In principle, all industrial processes were controlled manually by the operator (even today this type of control exists in many plants), the work of this operator was to observe what is happening (as in the case of a drop in temperature) and made some adjustments (like opening the steam valve), based on user control and in one's ability and knowledge of the process by the operator.

This loop - process sensor, the operator, a valve, a process - it remains a basic concept of process control.

In manual control, however, only an experienced operator reactions make the difference between a relatively good control and other erratic, indeed, this person will always be limited by the number of variables you can handle.

Furthermore, data collection requires greater effort for an operator, which is already devoting significant time in the care of the processes observed and is therefore too busy to write numbers and data, which are obviously needed to better control over the process. All this can combine to have data that can be inaccurate, incomplete and difficult to handle.

Automatic control unlike the manual, is based on devices and equipment that make an entity capable of making decisions about changes or adjustments to a process for achieving the same objectives as in the manual control but with many additional benefits. In addition to this, a number of elements that can be integrated into this set to achieve compliance with various functions, which as mentioned, it would be impossible to be accomplished by an operator with the desired accuracy and efficiency.

A little history is always good

The first control of industrial processes based on the ability of the operator (manual control). In subsequent years, the emergence of local controllers allowed the operator to handle multiple control loops, but there was still the problem of data collection. The local controllers are still very useful, as well as robust and simple. However, because they are directly related to the process and therefore are scattered throughout the plant, obviously makes the adjustments to perform maintenance and time consuming such instruments.

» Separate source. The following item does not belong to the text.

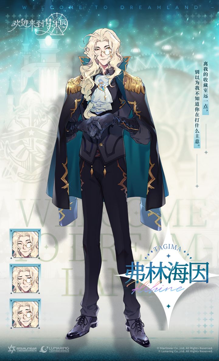 ⭐角色丨弗林海因“离我的收藏室远一点,别以为我不知道你在打什么主意。”在充满海洋与商业气息的塔吉玛,许多人拥有无与伦比的经商天赋。不过要论商务谈判能力,可能很少有人能胜过弗林海因。这个拥有一头柔软金发的男人,当他藏在镜片后狡黠的眼睛望向你时,请小心。⭐欢迎关注我们的官方账号,获取更多新鲜资讯。官方微博:官网预约:官方微信:欢迎来到梦乐园官方4群:514056809

The development of the pneumatically operated control devices marked a major advance in the process control. Here the variables can be converted to pneumatic signals and transmitted to remote controllers. Using some complex mechanisms, a pneumatic controller to perform simple calculations based on a reference signal (set point) and the process variable and adjust properly the final element of control. The advantage was that the operator could control a number of processes from a control room and make the necessary changes simply. However, the constraints lie in the slow control system response to rapid and frequent change and inadequate application in situations where the instruments are too far apart (losses).

Around 60, the electronic devices as an alternative replacement appeared to pneumatic controllers. The electronic controls for a closed loop, are fast, accurate and easy to integrate in small interactive links, but the improvement in terms of operation with respect to tires was relatively small and well data collection, yet very easy to handle.

Some time after the onset of analog electronic control systems, development of the microprocessor allowed the emergence of digital transmitters and controllers, as well as programmable logic controllers (PLC), also specialized systems such as the computerized numerical control machines (CNC)

The use of digital computers did not take long, of his application, are the direct digital control systems (DDC), to monitoring and control systems today, which is achieved by handling a large number of processes and variables, collect lot data, analyze and optimize various units and plants and even other activities such as maintenance planning, quality control, inventory, etc.

Regardless of the technology, the evolution of control techniques have had as one of its key objectives, replacing the direct action of man in the management of a particular process, by the use of equipment and automated systems, however, there is an analogy very clear distinction between them and the man, in regard to how to act

The type of process chosen for a particular product will depend on their production requirements and quantities. In any case, to control it is necessary to know about the instrumentation used and overall mechanical aspects related to the process. Optimal control however, is not only a function of the devices, equipment and systems to be used, but mainly the knowledge of the process to be controlled.

Instruments and equipment for Process Control and Automation

Industrially, the instruments are used to monitor and control process variables. Depending on the type of process, as discussed below, are selected components. Below is a block diagram of a closed loop control or feedback. It is not the only way to control a process, but we will serve to identify the functions of the main field and panel instruments used to measure and control industrial variables.

Here the process can be physical or chemical reaction or energy conversion. There are different types of disturbances that affect the process conditions. These disturbances create a need to monitor and control the process.

The controlled variable is the parameter to be controlled to the desired value or reference (set point). The sensor measures the value of the controlled variable and the transmitter changes this value to a standard signal can be transmitted. This signal is received by various components, depending on the function of the system et instruments such as registration, display, control and trigger alarms or interlock.

In the case of the driver (in this case a process controller), this signal (wariable measure) is compared with the set point and the difference (deviation) is used to fine item! control (usually a valve) to adjust the value of the wariable manipulated. This setting causes the controlled variable value is directed toward the reference.

Of course, not all automatic control systems have exactly this model (called feedback), there are variations such as feedforward control, the cascade, the split range, combinations of these, and so on. technology tools based on ancient or modern, of all these technologies, we will refer to those related to ongoing processes of automatic regulation, as discussed below.

Let's use some considerations related to the components of the diagram above, from sensors to the final control elements, also mentioning other aspects of instruments not considered in this diagram, but also important in some control loops.